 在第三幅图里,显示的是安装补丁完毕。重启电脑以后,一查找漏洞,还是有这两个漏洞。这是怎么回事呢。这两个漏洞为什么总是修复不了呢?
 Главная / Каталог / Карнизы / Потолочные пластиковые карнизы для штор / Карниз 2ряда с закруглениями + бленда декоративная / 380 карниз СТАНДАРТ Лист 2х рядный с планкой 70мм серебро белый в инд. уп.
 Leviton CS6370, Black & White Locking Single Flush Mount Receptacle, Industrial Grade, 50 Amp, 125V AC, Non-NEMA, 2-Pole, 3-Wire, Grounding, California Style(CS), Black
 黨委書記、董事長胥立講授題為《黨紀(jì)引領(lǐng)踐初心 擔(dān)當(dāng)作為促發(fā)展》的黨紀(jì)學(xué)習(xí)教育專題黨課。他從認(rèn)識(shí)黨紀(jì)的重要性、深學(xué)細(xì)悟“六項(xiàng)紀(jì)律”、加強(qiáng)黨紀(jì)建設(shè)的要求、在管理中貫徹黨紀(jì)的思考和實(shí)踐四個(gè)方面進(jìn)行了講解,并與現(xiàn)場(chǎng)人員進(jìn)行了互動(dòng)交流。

* * *

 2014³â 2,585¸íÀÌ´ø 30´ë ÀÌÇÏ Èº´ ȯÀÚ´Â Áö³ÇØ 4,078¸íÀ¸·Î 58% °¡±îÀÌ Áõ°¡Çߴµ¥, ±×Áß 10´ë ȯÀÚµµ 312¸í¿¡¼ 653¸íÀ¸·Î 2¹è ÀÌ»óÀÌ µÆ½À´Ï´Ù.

...

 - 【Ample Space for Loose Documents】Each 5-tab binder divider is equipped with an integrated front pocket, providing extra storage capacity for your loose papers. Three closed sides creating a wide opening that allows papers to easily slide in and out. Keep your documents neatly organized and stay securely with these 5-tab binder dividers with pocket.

* [DESCRIPTION OF THE TASK]: Give only the lines from the one holding "在第三幅图里,显示的是安装补" through the one holding "黨委書記、董事長胥立講授題為", each restated exactly as it appears above.

* [ANSWER BOX]:
 在第三幅图里,显示的是安装补丁完毕。重启电脑以后,一查找漏洞,还是有这两个漏洞。这是怎么回事呢。这两个漏洞为什么总是修复不了呢?
 Главная / Каталог / Карнизы / Потолочные пластиковые карнизы для штор / Карниз 2ряда с закруглениями + бленда декоративная / 380 карниз СТАНДАРТ Лист 2х рядный с планкой 70мм серебро белый в инд. уп.
 Leviton CS6370, Black & White Locking Single Flush Mount Receptacle, Industrial Grade, 50 Amp, 125V AC, Non-NEMA, 2-Pole, 3-Wire, Grounding, California Style(CS), Black
 黨委書記、董事長胥立講授題為《黨紀(jì)引領(lǐng)踐初心 擔(dān)當(dāng)作為促發(fā)展》的黨紀(jì)學(xué)習(xí)教育專題黨課。他從認(rèn)識(shí)黨紀(jì)的重要性、深學(xué)細(xì)悟“六項(xiàng)紀(jì)律”、加強(qiáng)黨紀(jì)建設(shè)的要求、在管理中貫徹黨紀(jì)的思考和實(shí)踐四個(gè)方面進(jìn)行了講解,并與現(xiàn)場(chǎng)人員進(jìn)行了互動(dòng)交流。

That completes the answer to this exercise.